This eBook from the Gutenberg Project consists of approximately 340 pages of information about Cheerful—By Request.

At six-thirty on a Monday morning in late April (remember, nothing’s going to happen) Rose smothered her alarm clock at the first warning snarl.  She was wide-awake at once, as are those whose yesterdays, to-days and to-morrows are all alike.  Rose never opened her eyes to the dim, tantalising half-consciousness of a something delightful or a something harrowing in store for her that day.  For one to whom the wash-woman’s Tuesday visitation is the event of the week, and in whose bosom the delivery boy’s hoarse “Groc-rees!” as he hurls soap and cabbage on the kitchen table, arouses a wild flurry, there can be very little thrill on awakening.
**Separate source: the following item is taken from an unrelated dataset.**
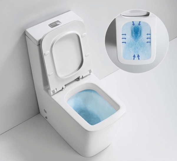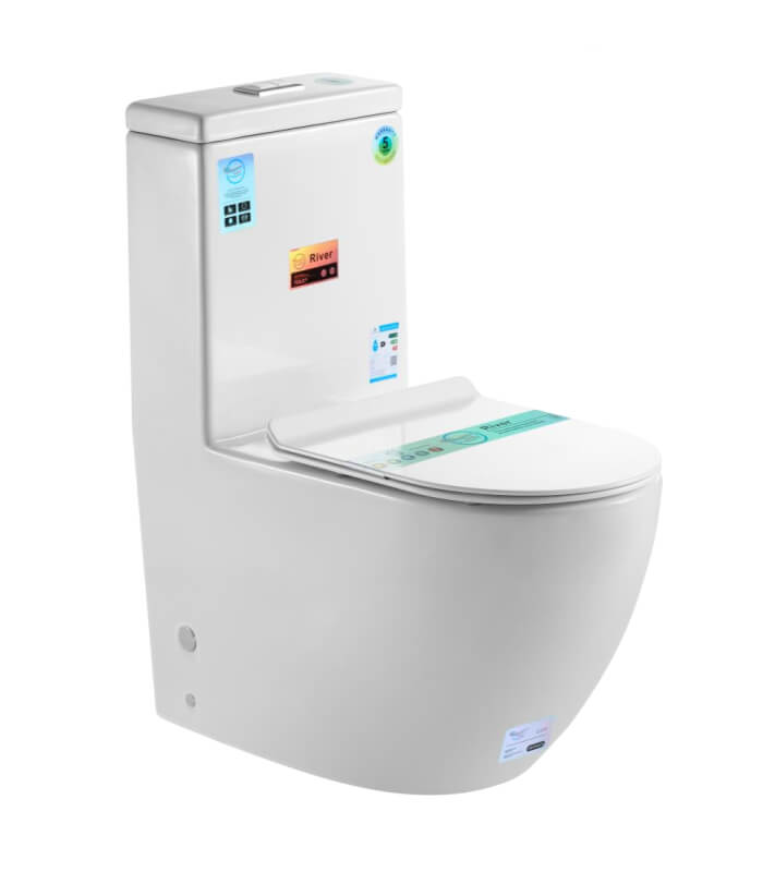 يحتوي على زر تشغيل مزدوج يسمح بالتحكم في كمية المياه لتوفير استهلاكها، بينما يوفر غطاء المقعد المصنوع من مادة UF المتينة خاصية الإغلاق البطيء لمنع الضجيج وحماية الغطاء من الصدمات.

Rose slept on the davenport-couch in the sitting-room.  That fact in itself rises her status in the family.  This Monday morning she opened her eyes with what might be called a start if Rose were any other sort of heroine.  Something had happened, or was happening.  It wasn’t the six o’clock steam hissing in the radiator.  She was accustomed to that.  The rattle of the L trains, and the milkman’s artillery disturbed her as little as does the chirping of the birds the farmer’s daughter.  A sensation new, yet familiar; delicious, yet painful, held her.  She groped to define it, lying there.  Her gaze, wandering over the expanse of the grey woollen blanket, fixed upon a small black object trembling there.  The knowledge that came to her then had come, many weeks before, in a hundred subtle and exquisite ways, to those who dwell in the open places.  Rose’s eyes narrowed craftily.  Craftily, stealthily, she sat up, one hand raised.  Her eyes still fixed on the quivering spot, the hand descended, lightning-quick.  But not quickly enough.  The black spot vanished.  It sped toward the open window.  Through that window there came a balmy softness made up of Lake Michigan zephyr, and stockyards smell, and distant budding things.  Rose had failed to swat the first fly of the season.  Spring had come.

As she got out of bed and thud-thudded across the room on her heels to shut the window she glanced out into the quiet street.  Her city eyes, untrained to nature’s hints, failed to notice that the scraggy, smoke-dwarfed oak that sprang, somehow, miraculously, from the mangey little dirt-plot in front of the building had developed surprising things all over its scrawny branches overnight.  But she did see that the front windows of the flat building across the way were bare of the Chicago-grey lace curtains that had hung there the day before.  House cleaning!  Well, most decidedly spring had come.

Rose was the household’s Aurora.  Following the donning of her limp and obscure garments it was Rose’s daily duty to tear the silent family from its slumbers.  Ma was always awake, her sick eyes fixed hopefully on the door.  For fourteen years it had been the same.

“Sleeping?”

“Sleeping!  I haven’t closed an eye all night.”

Rose had learned not to dispute that statement.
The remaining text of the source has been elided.